Book traversal links for 3.2.1 Basic features of TB screening and diagnostic algorithms
An algorithm for systematic TB screening should combine one or several screening tests and a separate diagnostic evaluation for TB disease, as recommended by WHO (12). A negative diagnostic test result may be followed up by further clinical evaluation if clinical suspicion of TB is still high. This could include re-testing with the same or another diagnostic method and/or close follow-up of clinical symptoms with or without chest imaging. A positive diagnostic test result might have to be re-confirmed with further testing and clinical evaluation if the positive predictive value of the test result is low.
Different configurations of screening tests have different implications for the sensitivity, specificity and costs of the algorithm. Single screening algorithms comprise one screening test; people who screen positive require diagnostic evaluation for TB. Examples of single screening algorithms are screening all clinic attendees for any cough or a mobile van screening campaign in which everyone in the community is screened by CXR.

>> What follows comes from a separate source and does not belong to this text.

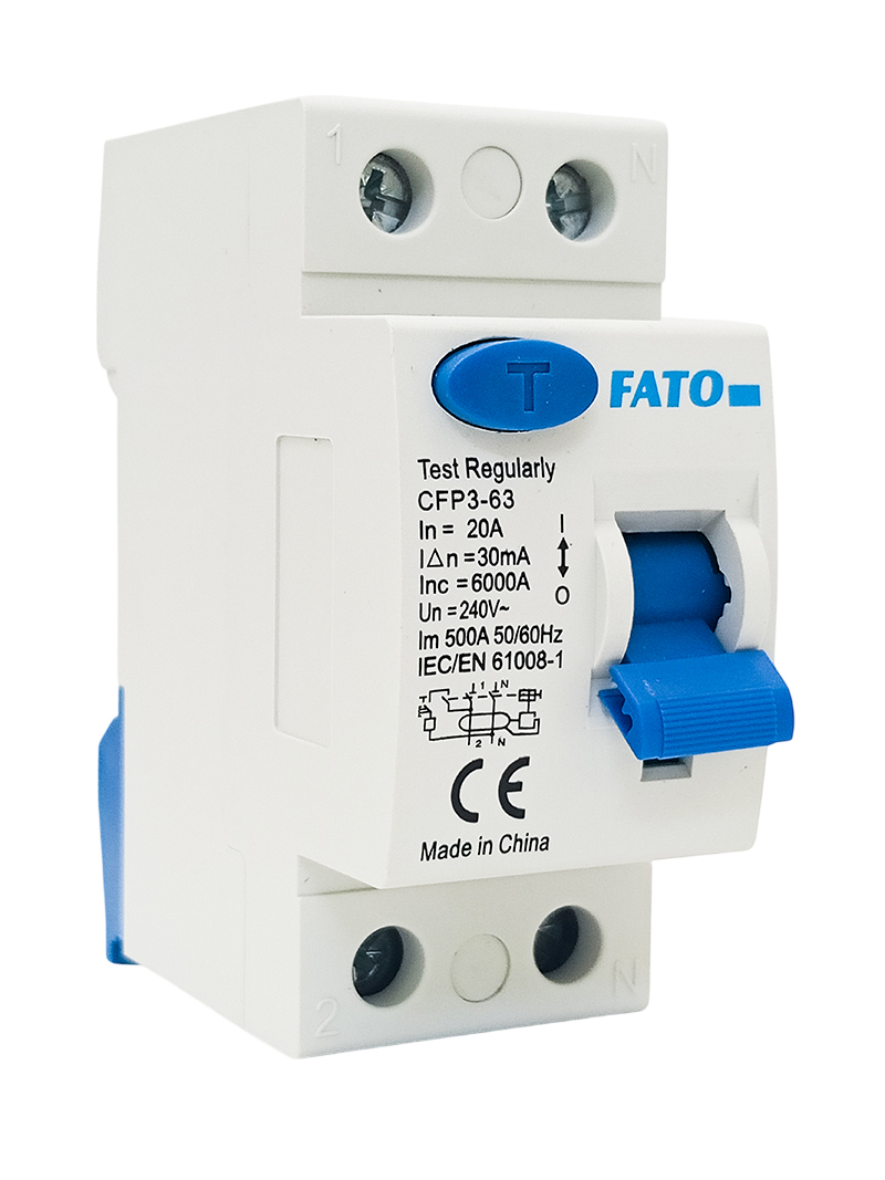 Interruttore magnetotermico differenziale bipolare (salvavita) della serie FATO CFP3-63, ideale per la protezione delle persone contro le correnti di dispersione a terra. Dotato di pulsante di test per un controllo periodico del corretto funzionamento.

Parallel screening algorithms comprise an initial screening step with two screening tests (e.g. screening for symptoms and CXR simultaneously). A positive or abnormal result in either (or both) screening test is an indication for referral onwards towards a diagnostic evaluation. Parallel screening algorithms are more sensitive, as they capture a broader population of people to be evaluated for TB with a diagnostic test. This approach is ideal if the goals of screening are to maximize case detection or to measure the prevalence of TB in the population being screened. (A parallel screening approach is used in prevalence surveys, in which screening for symptoms is combined with CXR) (15). Parallel screening algorithms are, however, typically less specific and therefore have higher cost implications because of the larger number of people referred for diagnostic evaluation and a higher risk of falsepositive screening results.

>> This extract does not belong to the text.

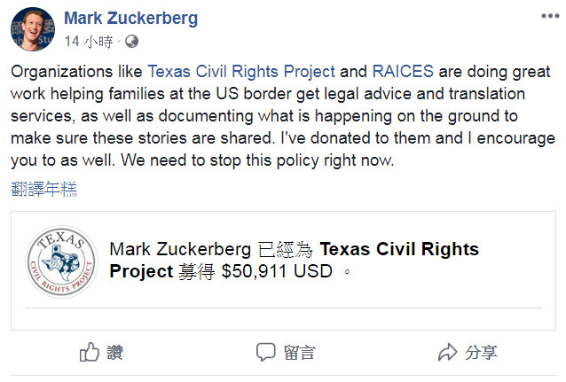 根據《每日郵報》報導,祖克柏夫婦分別向德克薩斯聖安東尼奧法律援助組織(RAICES Texas),以及德克薩斯民權項目(Texas Civil Rights Project)捐款,這2個機構主要在幫助移民獲得合法身份,並提供他們相關法律與翻譯服務。祖克柏透過發言人表示,「這項政策現在需要結束了,我們捐款希望幫助他們,也鼓勵大家一起做。」
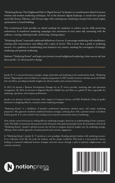 Marketing Karma: The Enlightened Path to Digital Success" by Jayadev is a transformative blend of ancient wisdom and modern marketing techniques. Set in the dynamic digital landscape, it reveals how spiritual tenets like Karma, Dharma, and Nirvana align with contemporary marketing concepts from search engine optimisation to brand building. This revolutionary book provides an ethical roadmap for marketers to achieve success while preserving authenticity. It transforms marketing campaigns into extensions of one's inner self, resonating with the audience, creating enduring bonds, and leaving a lasting impact. "Marketing Karma" transcends traditional definitions of success. It encourages marketing with mindfulness, creating with consciousness, and selling with a spirit of service. This is more than a guide to marketing success-it's a pathway to transforming your business's very essence, marking the convergence of strategic marketing and spiritual awakening. Embrace "Marketing Karma" and begin your journey toward enlightened marketing, where success isn't just about profit-it's about positive change.

Serial screening algorithms comprise two screening tests conducted successively, with referral for a second screening test according to the results of the first test. A sequential positive serial screening algorithm is one in which a positive or abnormal result on the first test requires referral to a second screening test, followed by diagnostic evaluation of those who screen positive on both screening tests. An example of this approach is screening for any TB symptom, followed by screening by CXR for those with symptoms. This screening approach increases the pre-test probability of TB in the population being screened before referral for diagnostic evaluation, thereby increasing the efficiency of the screening programme and reducing the risk of false-positive diagnoses. This approach is, however, less sensitive.
A sequential negative serial screening algorithm is one in which a positive or abnormal result on the first screening test results in referral to diagnostic evaluation, while a negative or normal result on the first screening test results in referral for a second screening test and then subsequent referral for diagnostic evaluation for those who screen positive or abnormal in the second screening test. A sequential negative serial screening algorithm has the same sensitivity and specificity as a parallel screening algorithm with the same tests (the same number of people will be referred for diagnostic evaluation) but reduces the cost, because the second screening test is limited to individuals who test negative in the first. For example, an algorithm that begins with screening for symptoms and then CXR for those who do not present with symptoms will result in fewer CXRs being conducted with the same case detection as CXR plus symptom screening for all. This may, however, introduce delays, given that the tests are not run simultaneously. The specificity of a negative sequential screening approach will be lower than that of a positive sequential algorithm because of the larger number of people referred for diagnostic evaluation and the higher risk of false-positive screening results.